Throughout her teaching career, Berger’s philosophy has been to interweave faith with knowledge and to encourage education to continue throughout a child’s lifetime.
Berger graduated from Loyola University in Chicago with a bachelor’s in English. She taught for 13 years in Chicago before coming to Colorado and joining the Sacred Heart of Jesus School staff. Since becoming a teacher at the Boulder school in 1983, Berger has served as librarian and instructs students on study skills.
|
Sue Troxel |
Sue Troxel
All Souls School, Englewood
Sue Troxel believes in lifelong learning.
She teaches her students the tools and skills they need to educate themselves throughout life.

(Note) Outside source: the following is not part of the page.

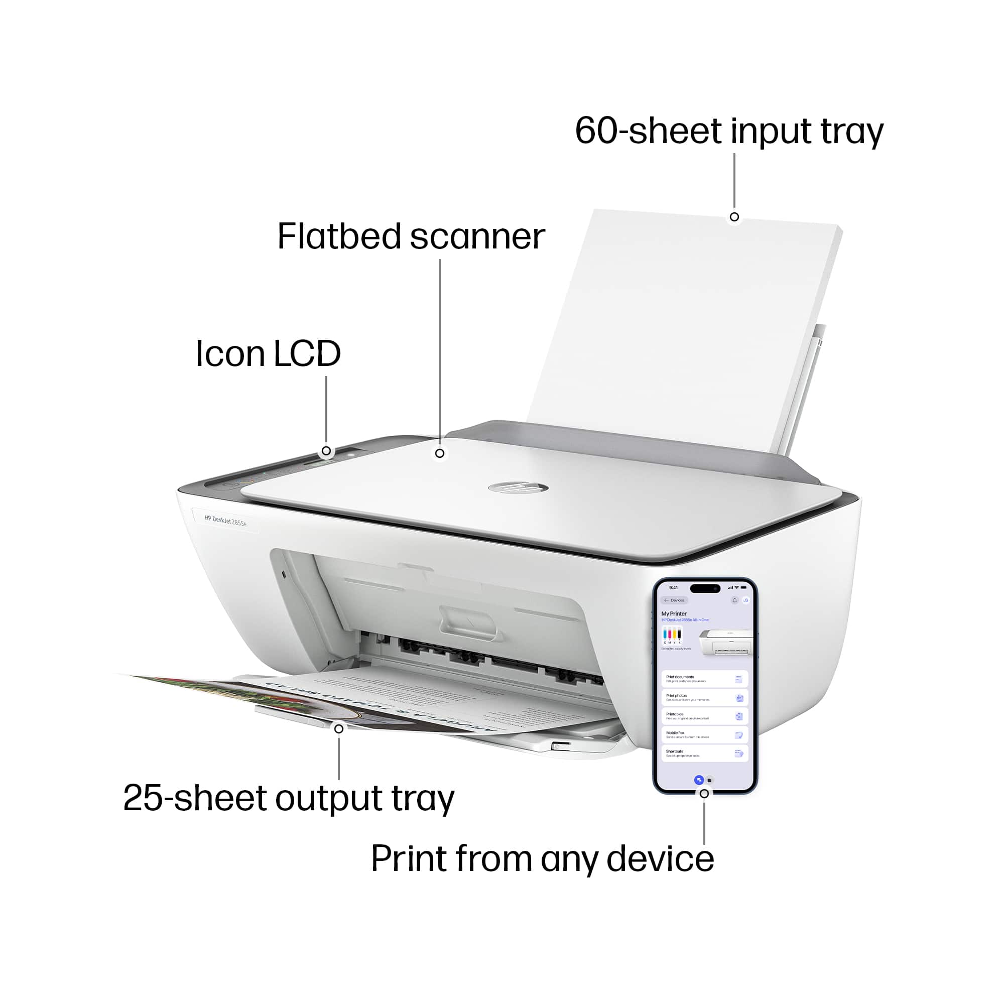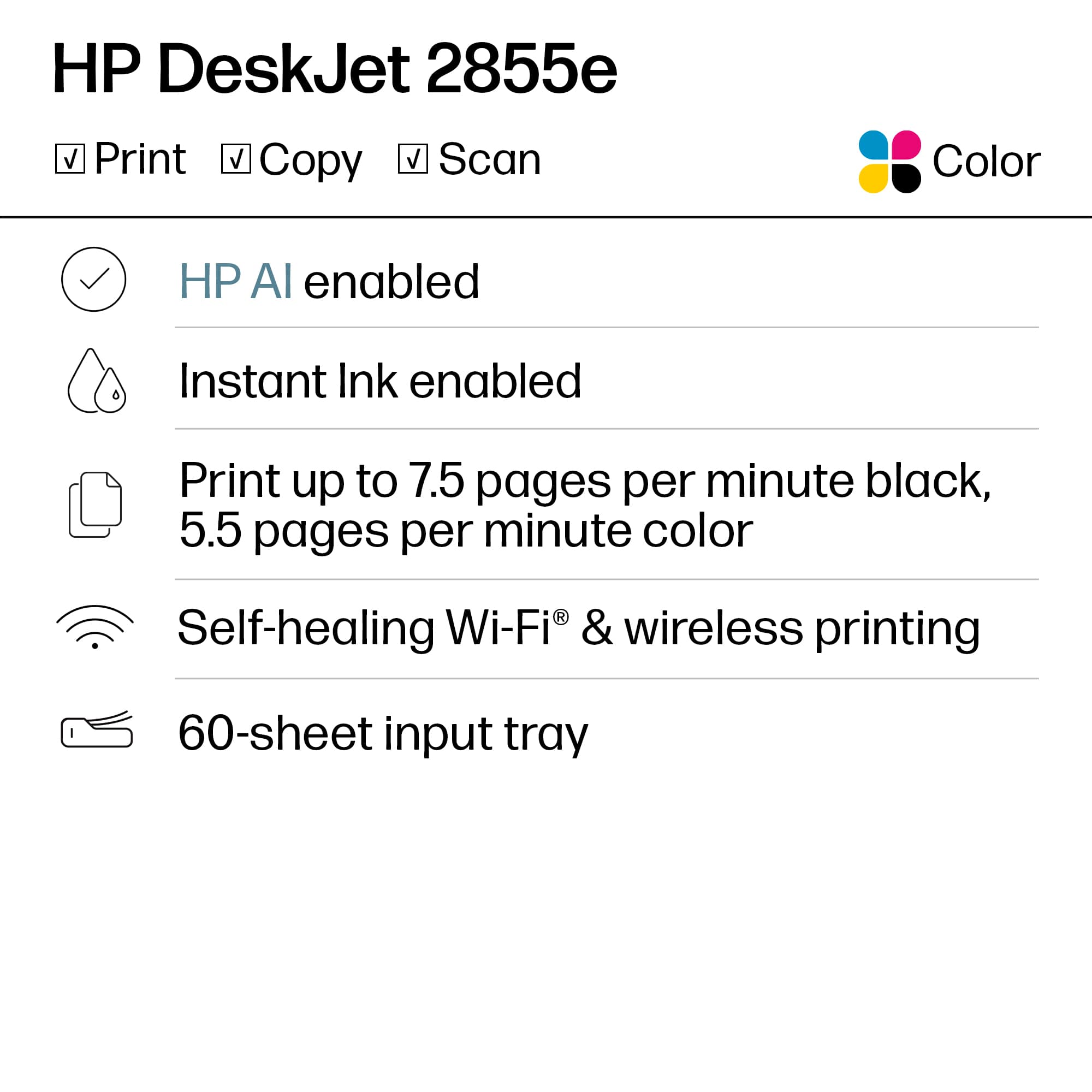 • The HP DeskJet 2855e delivers color printing, 60-sheet paper capacity, and a flatbed scanner for easy scanning and copying. It's AI-enabled to intuitively adapt to your workflow, with wireless and security features that keep your multifunction printer up to date and secure.

“I also believe it is important for them to be culturally literate so that they can become good critical thinkers,” Troxel said.
Troxel attended St. Mary’s Academy in Englewood and received her bachelor’s degree from the University of Northern Colorado and master’s from the University of Colorado.
From 1972-1976, she was a social studies teacher at Littleton Public Schools. After staying home to raise her two children, she became a teacher at All Souls School in 1983.
“I enjoy teaching middle school and seeing my students grow into young adults,” she said. “Their enthusiasm is contagious and makes my job exciting from day to day.”
|
Mary Ernst |
Mary Ernst
All Souls School, Englewood
Mary Ernst is celebrating her 30-year anniversary of teaching in Catholic schools, which she believes provides children the basis to develop academically, emotionally and spiritually.
“A strong foundation at the early levels is key to future success in school and life,” she said.
Ernst grew up in Aurora and attended St. Pius X School in Aurora and Marycrest High School. She then attended Benedictine College in Atchison, Kan., where she earned bachelor’s degrees in elementary education and philosophy.
Her entire teaching career has been at All Souls School in Englewood. Ernst originally taught fifth grade but for 28 years she has taught third grade.
Her favorite thing to teach is cross-curricular projects, because she believes they show how all knowledge is interrelated and imitates real-life situations.